Please apply with an updated CV to be considered for the position. Be prepared to talk through your skills and experience which aligns with the position.
Statistical Geneticist - ML in Lincoln employer: Searches @ Wenham Carter
Contact Detail:
Searches @ Wenham Carter Recruiting Team
StudySmarter Expert Advice 🤫
We think this is how you could land Statistical Geneticist - ML in Lincoln
✨Tip Number 1
Get your networking game on! Reach out to professionals in the field of statistical genetics and AI. Use platforms like LinkedIn to connect with people at Wenham Carter or similar companies. A friendly message can go a long way in getting your foot in the door.
✨Tip Number 2
Prepare for those interviews! Brush up on your knowledge of GWAS, PheWAS, and multi-omics data integration. Be ready to discuss how your experience with Python, R, and machine learning can contribute to their mission of driving drug discovery.
✨Tip Number 3
Showcase your projects! If you've worked on relevant research or have hands-on experience with large-scale genetic datasets, make sure to highlight these during your conversations. Bring along examples that demonstrate your skills in building scalable pipelines.
✨Tip Number 4
Don’t forget to apply through our website! It’s the best way to ensure your application gets seen. Plus, it shows you’re genuinely interested in the role and the company. Let’s get you that job!

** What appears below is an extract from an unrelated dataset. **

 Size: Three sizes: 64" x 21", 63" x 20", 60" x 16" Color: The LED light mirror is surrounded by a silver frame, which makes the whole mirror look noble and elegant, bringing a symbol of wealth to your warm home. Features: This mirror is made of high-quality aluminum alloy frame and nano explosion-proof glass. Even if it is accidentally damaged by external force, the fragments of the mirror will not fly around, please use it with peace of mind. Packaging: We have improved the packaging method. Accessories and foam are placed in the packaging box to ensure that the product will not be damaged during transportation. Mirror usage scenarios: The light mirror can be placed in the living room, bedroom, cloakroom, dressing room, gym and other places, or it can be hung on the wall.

We think you need these skills to ace Statistical Geneticist - ML in Lincoln
Some tips for your application 🫡
Tailor Your CV: Make sure your CV is tailored to the Statistical Geneticist role. Highlight your experience with GWAS, multi-omics, and any relevant projects that showcase your analytical skills. We want to see how your background aligns with our mission!

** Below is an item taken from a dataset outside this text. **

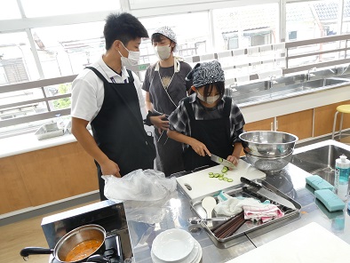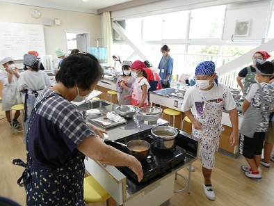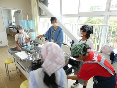 今週、初めて包丁を使う調理実習に取り組んでいる5年生です。野菜を切ってゆでて、ポテトサラダを作ります。保護者や地域の方たちの中から、たくさんのボランティアが来てサポートをしてくださっています。お料理の大先輩たちに、調理と片付けを並行させることや、火元から目を離さないことなど、たくさん教わることができました。
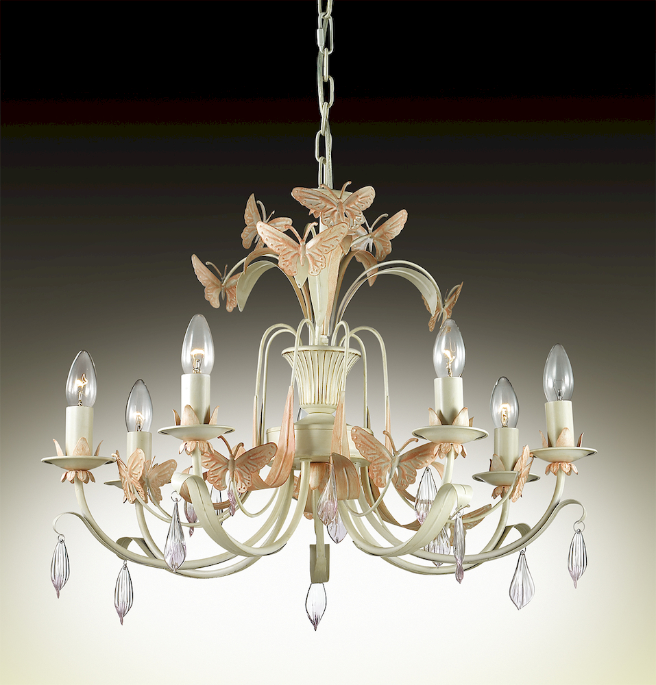 Люстра 2895/7 серии Fera выполнена в кремовом цвете. Изящный, воздушный декор в виде металлическиx бабочек, хрустальные подвески по периметру. Цоколь Е14. Мощность 7х60W. Тип крепления "крюк". Нет ламп в комплекте.

Showcase Your Skills: Don’t just list your skills; demonstrate them! Include specific examples of your work with Python, R, or any ML techniques you've used. This helps us understand how you can contribute to our cutting-edge techbio environment.

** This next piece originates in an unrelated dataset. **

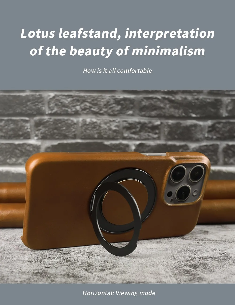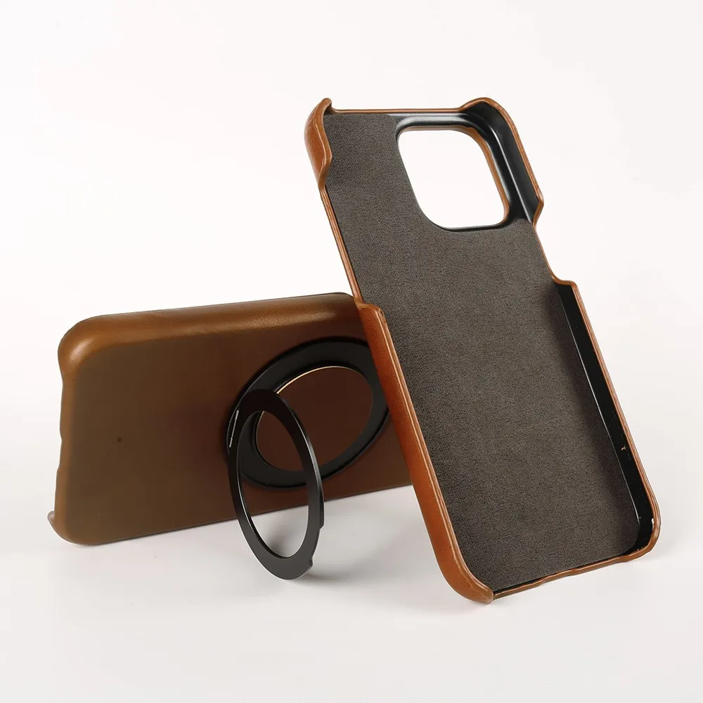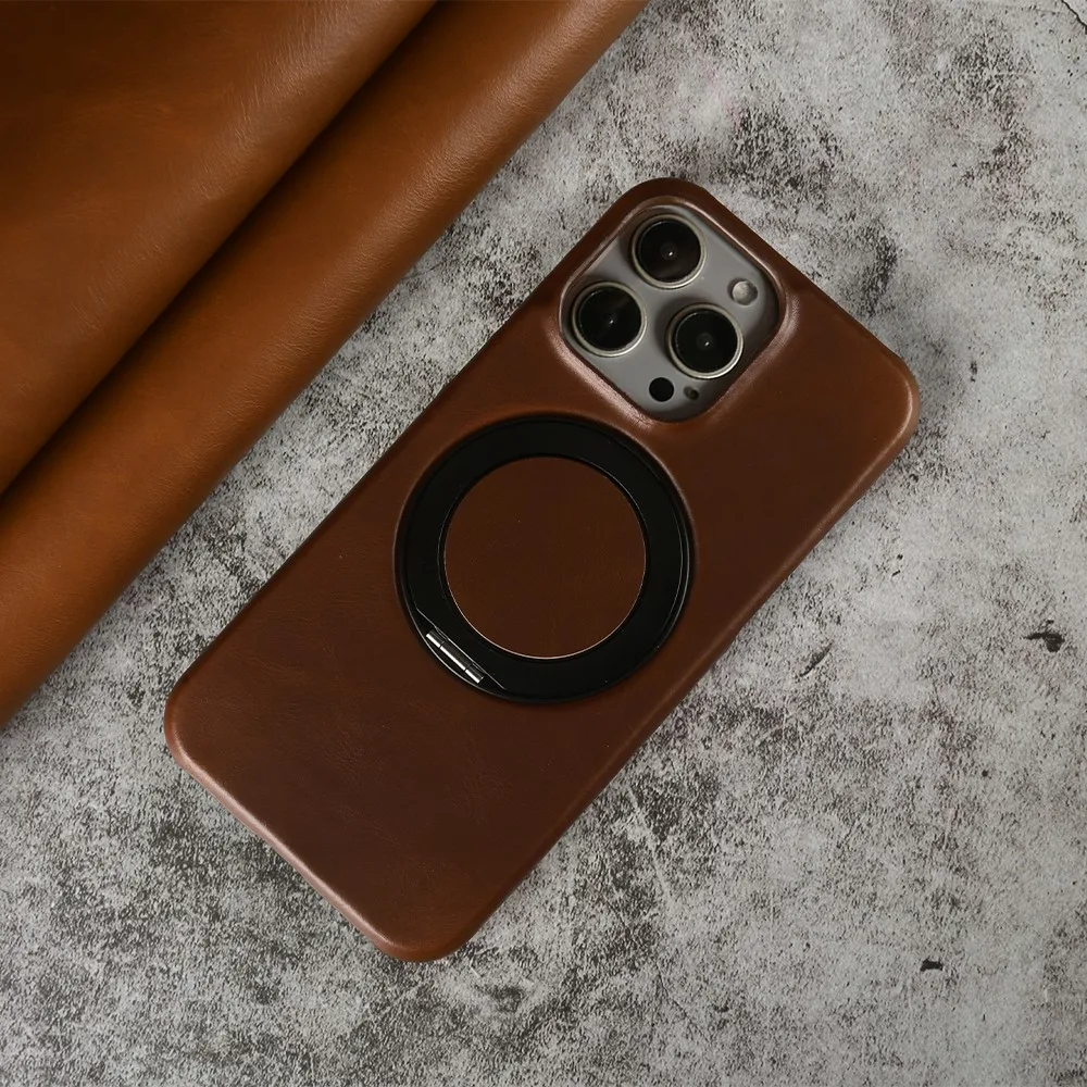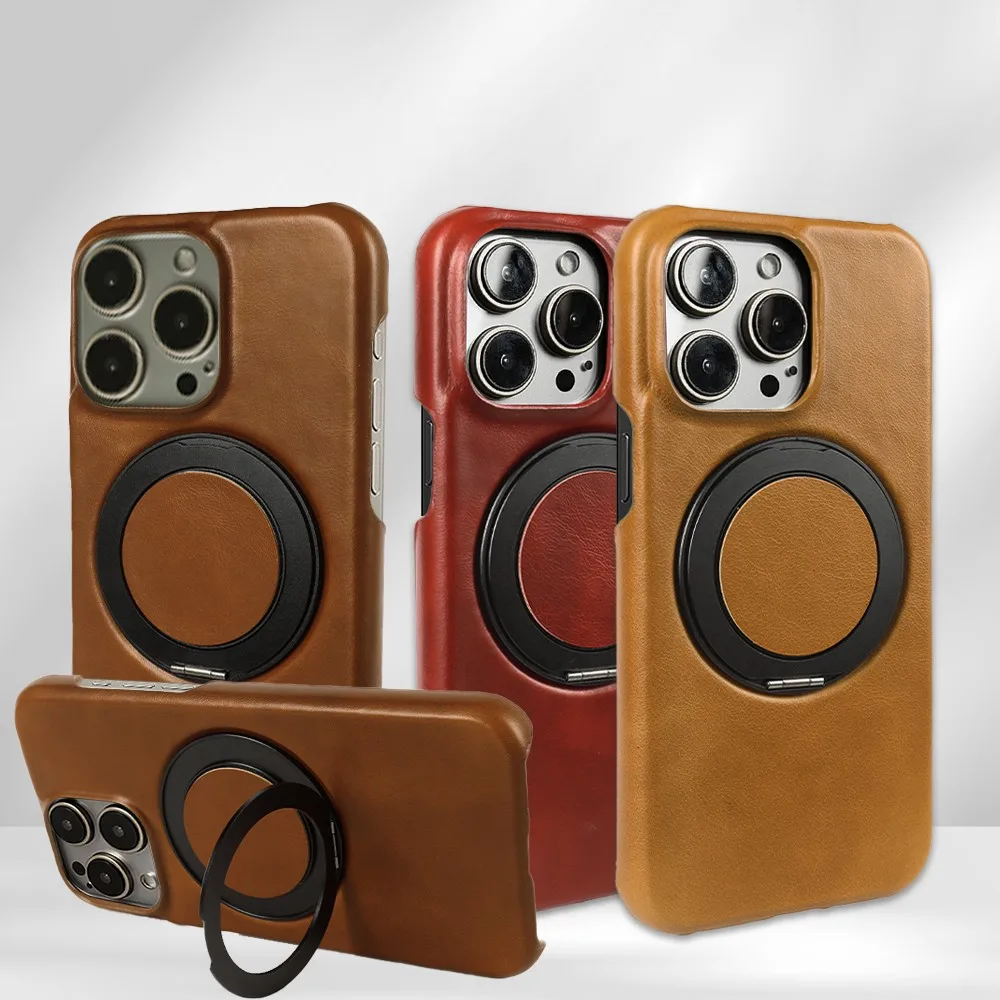 Lujo 360° Funda de cuero genuino con soporte magnético giratorio para iphone 15 Pro Max 16Pro 14Pro 13 12 11 Magsafe cubierta trasera de carga

Be Clear and Concise: When writing your application, keep it clear and to the point. Use bullet points for key achievements and avoid jargon unless it's necessary. We appreciate straightforward communication that gets to the heart of your experience.
Apply Through Our Website: We encourage you to apply through our website for a smoother process. It helps us keep track of applications and ensures you’re considered for the role. Plus, it’s super easy to do!
How to prepare for a job interview at Searches @ Wenham Carter
✨Know Your Stuff
Make sure you brush up on your knowledge of GWAS, PheWAS, and the various analyses mentioned in the job description. Be ready to discuss your hands-on experience with large-scale genetic datasets and how you've applied ML techniques in your previous work.
✨Showcase Your Projects
Prepare to talk about specific projects where you've led analyses or built pipelines for population-scale datasets. Highlight any first authorships on published papers, as this will demonstrate your expertise and commitment to the field.
✨Collaborative Spirit
Since the role involves working cross-functionally with ML, biology, and engineering teams, be ready to share examples of how you've successfully collaborated with others. Discuss how you communicate complex ideas to non-experts and how you integrate feedback into your work.
✨Technical Proficiency
Familiarise yourself with the tools and languages mentioned, like Python, PyTorch, R, and Unix/Linux. Be prepared to answer technical questions or even solve problems on the spot to showcase your proficiency and problem-solving skills.